Producing a monthly composite on general activity tracked in volumes, the Institute for Supply Management surveys several hundred service-providing firms from 16 industries (construction and mining are included). The services composite index has four equally weighted components: business activity (closely related to a production index), new orders, employment, and supplier deliveries (also known as vendor performance).
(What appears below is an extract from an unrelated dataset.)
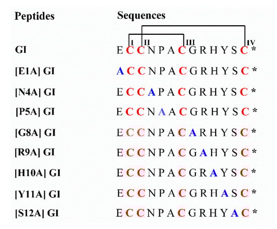 The following are available online at http://www.mdpi.com/1660-3397/16/12/507/s1, Figure S1: The HPLC chromatograms and mass spectrum of GI, [E1A] GI and [N4A] GI respectively; Figure S2: The HPLC chromatograms and mass spectrum of [P5A] GI, [G8A] GI and [R9A] GI respectively; Figure S3: The HPLC chromatograms and mass spectrum of [H10A] GI, [Y11A] GI and [S12A] GI respectively.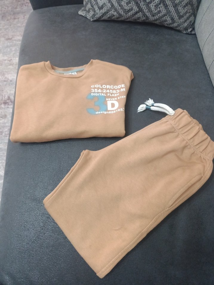 erkek için camel renkli, bol kesim, uzun kollu, yuvarlak yakalı ve baskılı üst ile rahat eşofman takımı. Yumuşak ve sıcak kumaştan üretilmiştir.

The first three components are seasonally adjusted but the supplier deliveries index does not have statistically significant seasonality and is not adjusted. For the composite index, a reading above 50 percent indicates that the services economy is generally expanding; below 50 percent indicates that it is generally declining. The supplier deliveries component index requires extra explanation: a reading above 50 percent indicates slower deliveries and below 50 percent indicates faster deliveries.

Description

Investors need to keep their fingers on the pulse of the economy because it dictates how various types of investments will perform. By tracking economic data like the ISM services index, investors will know what the economic backdrop is for the various markets. The services index is a composite of four equally weighted components: business activity, new orders, employment, and supplier deliveries. The stock market likes to see healthy economic growth because that translates to higher corporate profits. The bond market prefers less rapid growth and is extremely sensitive to whether the economy is growing too quickly -- and causing potential inflationary pressures. While the ISM manufacturing index has a long history that dates to the 1940s, this report goes back to 1997. Note that in 2020 the ISM changed the name of the report to services from non-manufacturing though it continues to track two key goods producing industries: construction and mining.